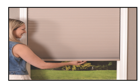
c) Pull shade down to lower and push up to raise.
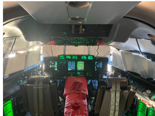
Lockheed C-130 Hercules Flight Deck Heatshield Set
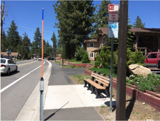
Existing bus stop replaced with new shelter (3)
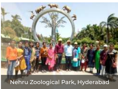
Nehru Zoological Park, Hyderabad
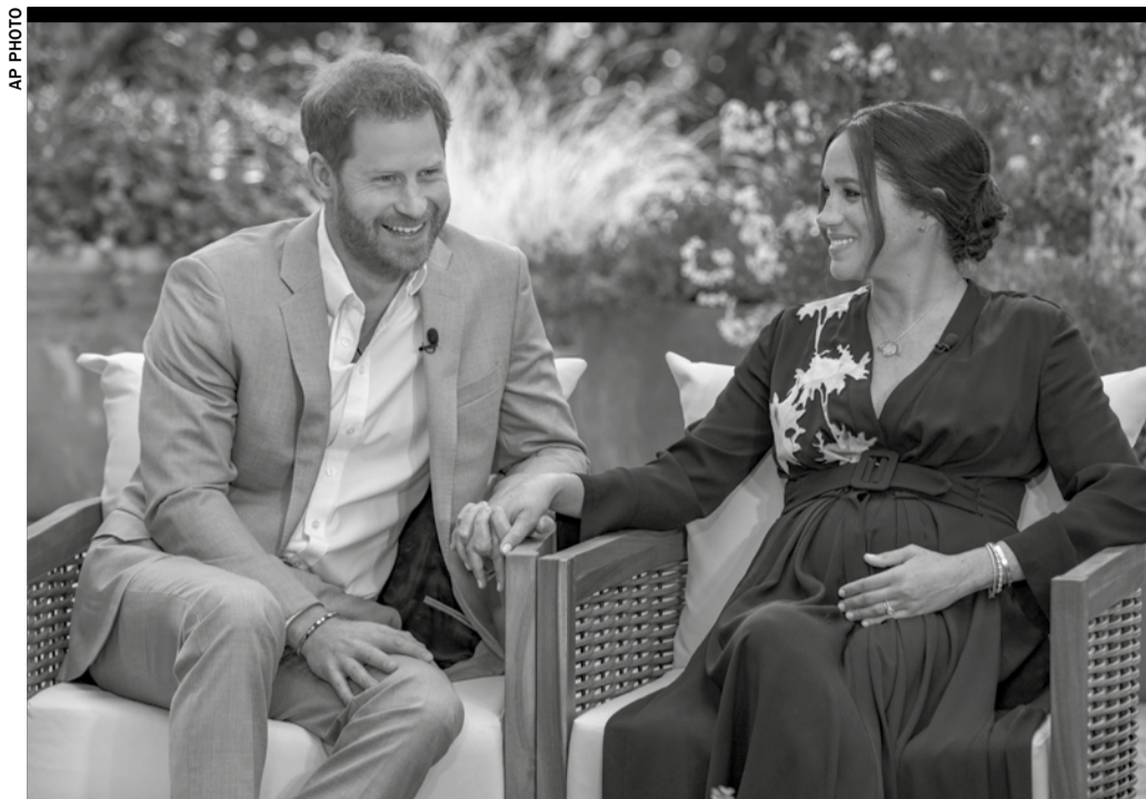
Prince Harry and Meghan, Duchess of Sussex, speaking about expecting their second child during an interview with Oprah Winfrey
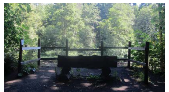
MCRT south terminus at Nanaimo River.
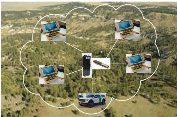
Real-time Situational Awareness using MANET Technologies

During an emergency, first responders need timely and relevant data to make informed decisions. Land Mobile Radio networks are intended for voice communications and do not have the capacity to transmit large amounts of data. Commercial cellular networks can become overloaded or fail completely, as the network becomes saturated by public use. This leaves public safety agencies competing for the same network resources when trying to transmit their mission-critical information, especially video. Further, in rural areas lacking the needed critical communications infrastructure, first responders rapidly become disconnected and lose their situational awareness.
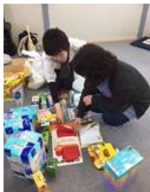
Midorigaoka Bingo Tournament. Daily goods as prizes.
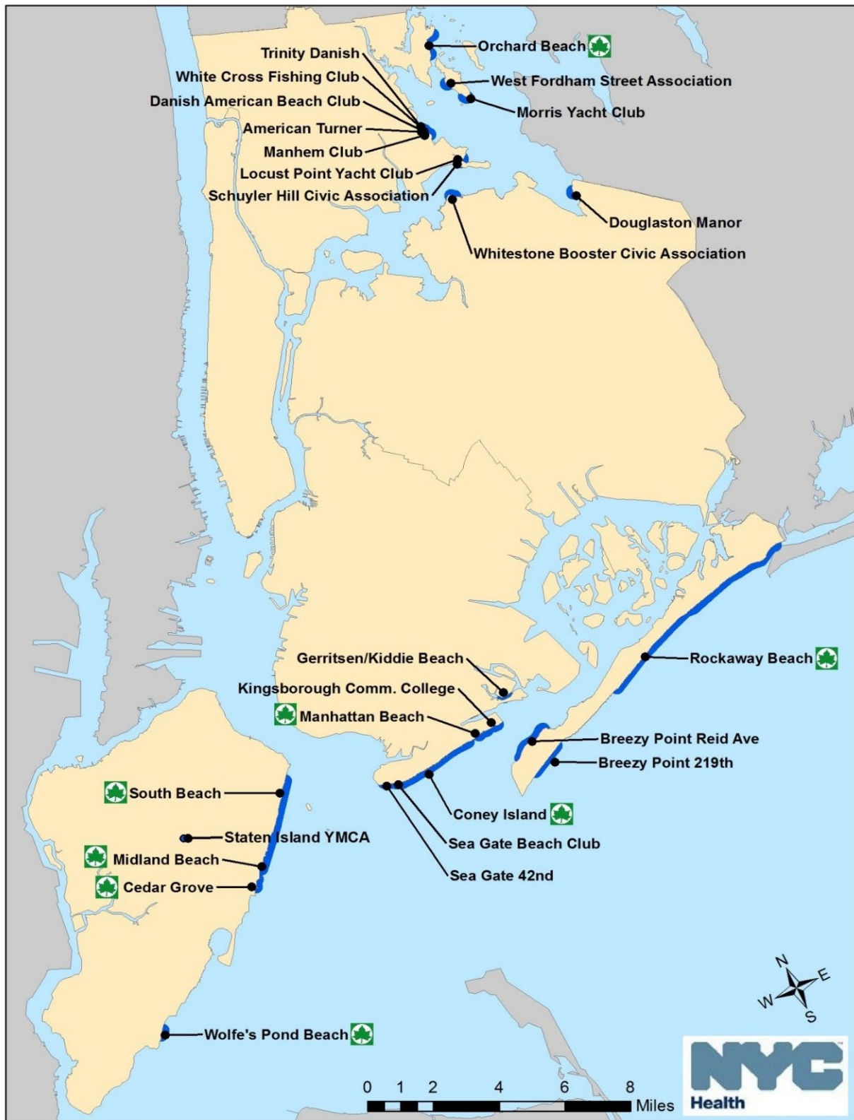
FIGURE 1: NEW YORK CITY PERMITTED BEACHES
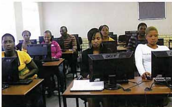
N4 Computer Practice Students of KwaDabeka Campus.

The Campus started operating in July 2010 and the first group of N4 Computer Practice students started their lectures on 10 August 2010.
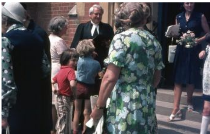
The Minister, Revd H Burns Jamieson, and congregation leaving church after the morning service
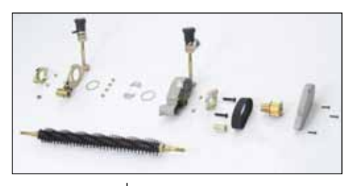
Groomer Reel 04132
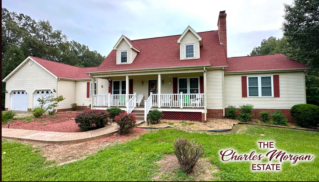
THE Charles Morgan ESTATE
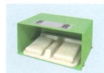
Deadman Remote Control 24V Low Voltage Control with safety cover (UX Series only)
::::::
Where in the records does the word "Campus" appear? Copy each line that holds it.

▶ **RESULT OF THE TASK**:
N4 Computer Practice Students of KwaDabeka Campus.
The Campus started operating in July 2010 and the first group of N4 Computer Practice students started their lectures on 10 August 2010.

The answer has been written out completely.